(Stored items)
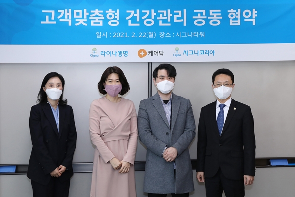케어닥(대표 박재병)이 라이나생명(대표이사 조지은), 시그나코리아(대표이사 김양호)와 22일 종로 라이나생명 본사 시그나타워에서 시니어 헬스케어 서비스 제공 및 확대를 위한 업무협약을 체결했다.회사 측에 따르면 이번 협약을 통해 건강증진형 보험 서비스 연구 및 개발을 비롯해 건강 관리 서비스 제공 및 요양 시설 정보 그리고 간병 서비스를 제공할 계획으로, 라이나생명과 시그나코리아 고객은 케어닥이 제공하는 전국 4만여 개 요양 시설 정보를 제공받을 수 있게 된다.또 케어닥은 올해 하반기 라이나생명과 시그나코리아 고객을 대상으로 시니어
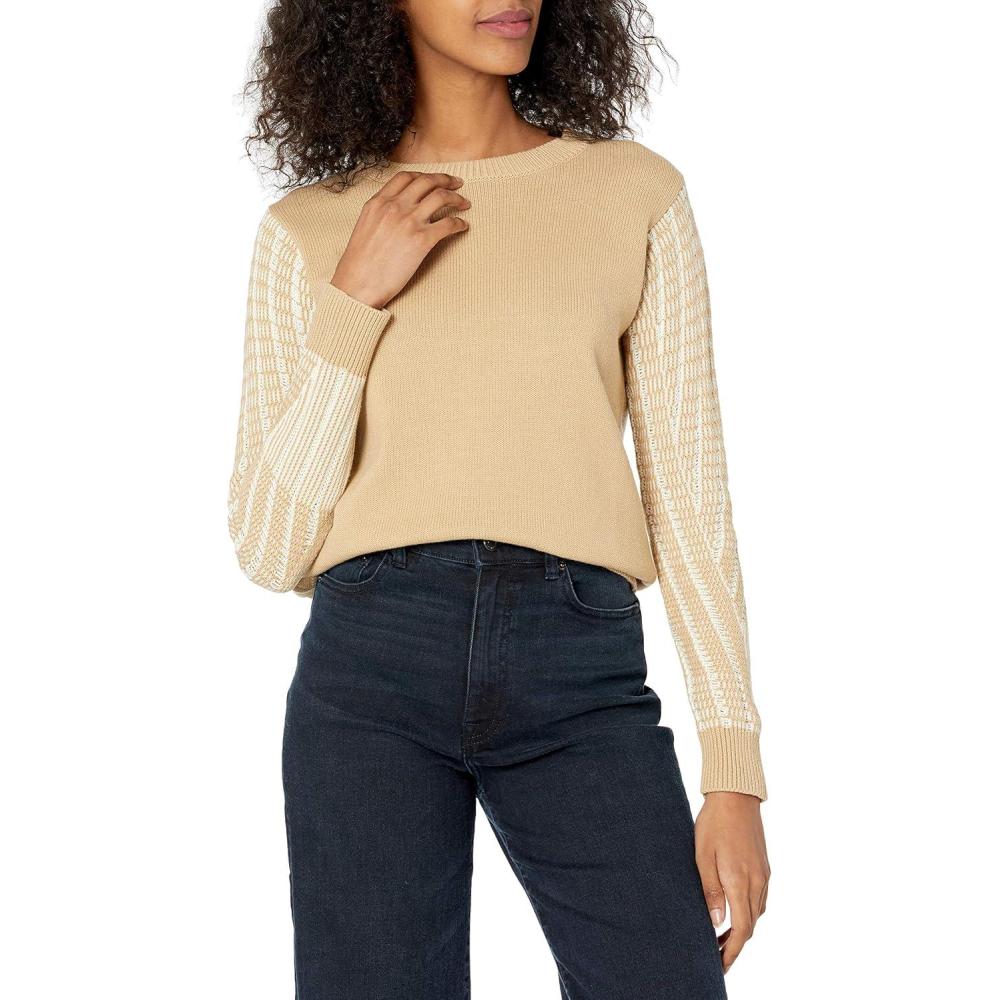 Cable Stitch Women’s Contrast-Sleeve Cotton Sweater – Crewneck Long Sleeve Knitted Pullover Top(Wave Camel)
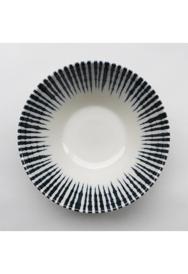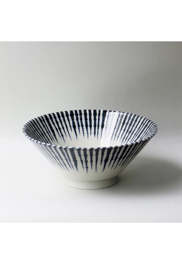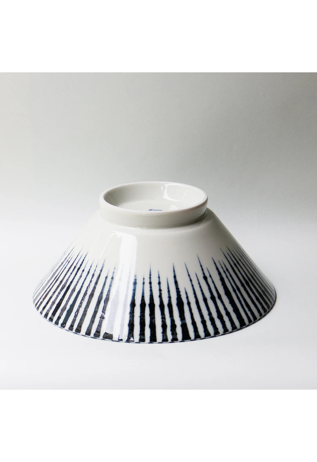 スッキリした十草とシャープなデザインが特徴的な反り丼。シンプルな紋様は定番の醤油味や塩味のスープの美しさを引き立たせ、食欲をそそります。軽量タイプなので自宅で使いやすい丼です。
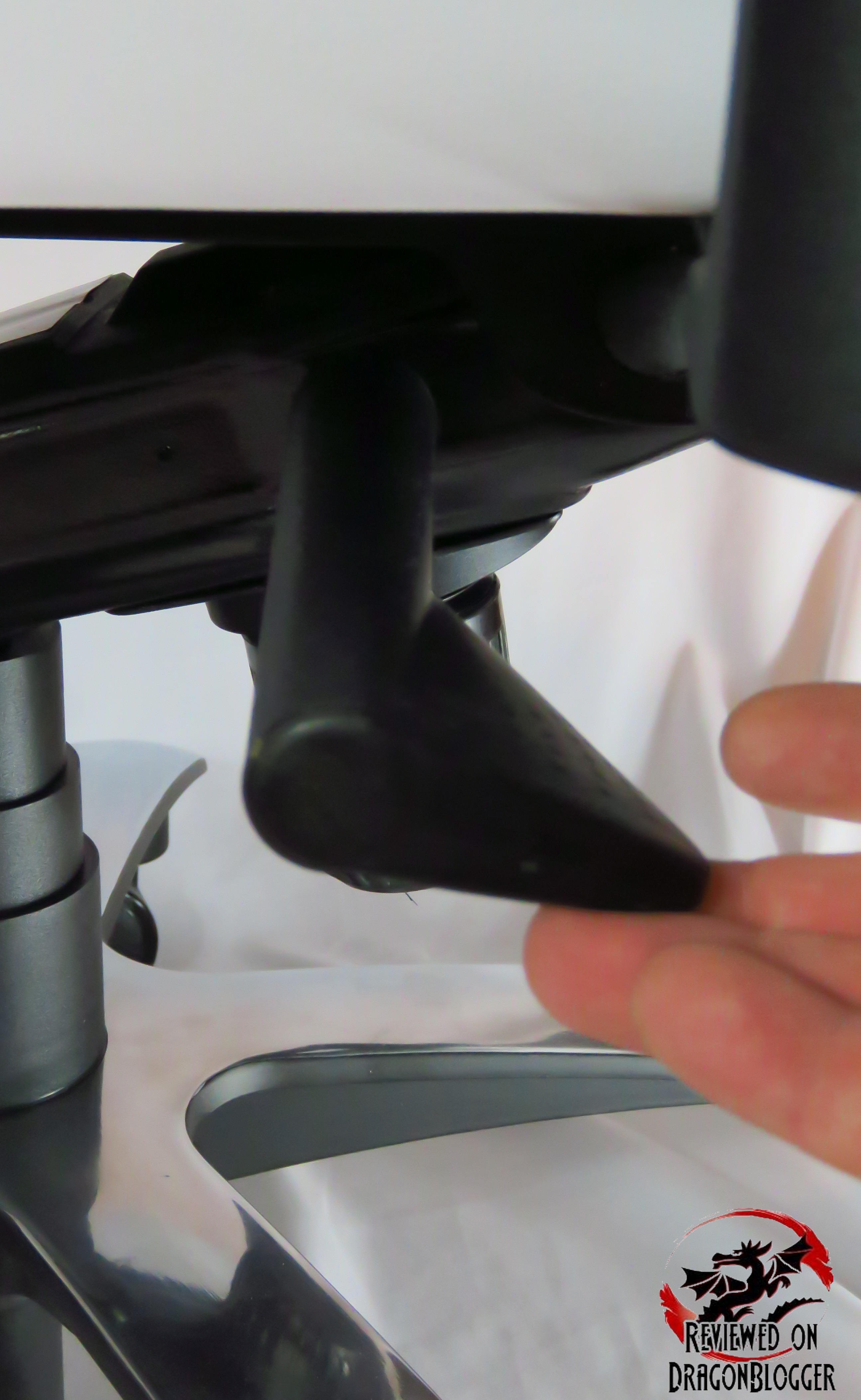 The lever on the left side allows you to adjust the tilt of the seat. Twisting the level upwards loosens the tilt, then you can find your tilt comfort lever and then twist it downwards to lock it in place. If you leave the lever loose, you are free to rock back and forward. This has been the very first gaming chair I have used that the rocking actually works. Remember, if the rocking is too loose, you can adjust it by tightening the knob I showed you earlier.
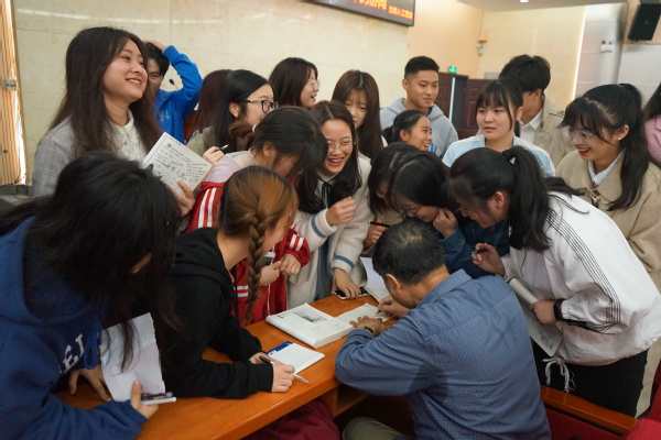 在三个多小时的讲座中,王教授情绪饱满、神采矍铄,讲解内容高屋建瓴、深入浅出,讲述语言诙谐幽默、生动有趣。师生们不仅被他深厚的讲座内容深深吸引,也被王教授生动活泼的演讲风格深深折服,讲座过程中,会场不时响起热烈的掌声。讲座结束时,王教授被同学们的求知欲和学习热情打动,与师生们合影留念并赠送寄语。
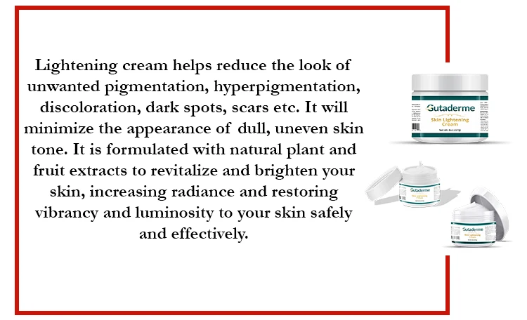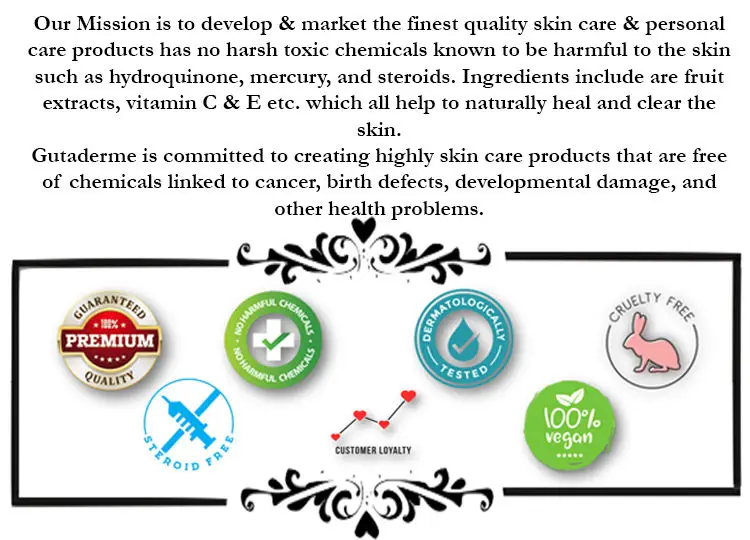 4. why should you buy from us not from other suppliers? Our Mission is to develop & market the finest quality skin care & personal care products has no harsh toxic chemicals known to be harmful to the skin such as hydroquinone, mercury, and steroids. Ingredients include are fruit extracts, vitamin C & E etc. which all help to naturally heal and clear the skin. Gutaderme is committed to creating highly skin care products that are free of chemicals linked to cancer, birth defects, developmental damage, and other health problems.
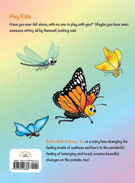 Have you ever felt left out, or that you just did not belong or fit in? Do you know a child that might feel this way? Human beings need the feeling of self-worth to grow and develop into a healthy contributing part of society. BaBa-Balu Belongs, Too is a multiple award winning story in areas including School Issues, LGBT, and STEM (Science, Technology, Engineering, and Math) and is about a monarch caterpillar who doesn't fit in. He feels uncomfortable in his own skin. The story reaches a turning point where he feels loved and accepted. This allows him to become the beautiful butterfly he is…mehr
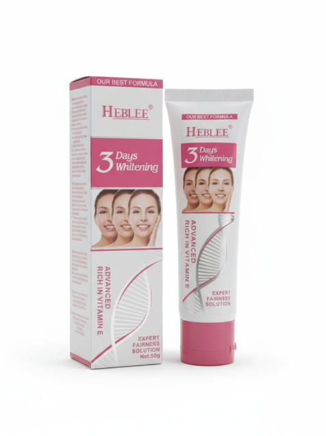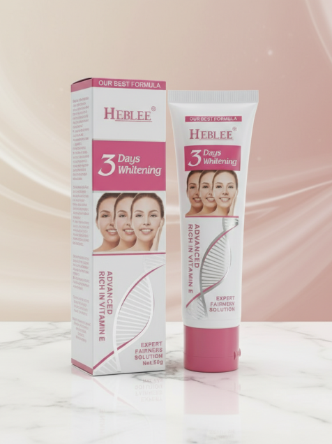 ¡Dale luz a tu piel con Heblee! Crema facial y corporal aclarante, enriquecida con vitamina E. Fórmula experta para un tono de piel más uniforme y radiante en ¡solo 3 días! Dile adiós a las manchas y hola a una piel luminosa.

_Your objective_.
Print the data above from its first line through the line that has "在三个多小时的讲座中,王教授", exactly and with nothing else, omitting pictures.

_Answer for this exercise_.
케어닥(대표 박재병)이 라이나생명(대표이사 조지은), 시그나코리아(대표이사 김양호)와 22일 종로 라이나생명 본사 시그나타워에서 시니어 헬스케어 서비스 제공 및 확대를 위한 업무협약을 체결했다.회사 측에 따르면 이번 협약을 통해 건강증진형 보험 서비스 연구 및 개발을 비롯해 건강 관리 서비스 제공 및 요양 시설 정보 그리고 간병 서비스를 제공할 계획으로, 라이나생명과 시그나코리아 고객은 케어닥이 제공하는 전국 4만여 개 요양 시설 정보를 제공받을 수 있게 된다.또 케어닥은 올해 하반기 라이나생명과 시그나코리아 고객을 대상으로 시니어
 Cable Stitch Women’s Contrast-Sleeve Cotton Sweater – Crewneck Long Sleeve Knitted Pullover Top(Wave Camel)
 スッキリした十草とシャープなデザインが特徴的な反り丼。シンプルな紋様は定番の醤油味や塩味のスープの美しさを引き立たせ、食欲をそそります。軽量タイプなので自宅で使いやすい丼です。
 The lever on the left side allows you to adjust the tilt of the seat. Twisting the level upwards loosens the tilt, then you can find your tilt comfort lever and then twist it downwards to lock it in place. If you leave the lever loose, you are free to rock back and forward. This has been the very first gaming chair I have used that the rocking actually works. Remember, if the rocking is too loose, you can adjust it by tightening the knob I showed you earlier.
 在三个多小时的讲座中,王教授情绪饱满、神采矍铄,讲解内容高屋建瓴、深入浅出,讲述语言诙谐幽默、生动有趣。师生们不仅被他深厚的讲座内容深深吸引,也被王教授生动活泼的演讲风格深深折服,讲座过程中,会场不时响起热烈的掌声。讲座结束时,王教授被同学们的求知欲和学习热情打动,与师生们合影留念并赠送寄语。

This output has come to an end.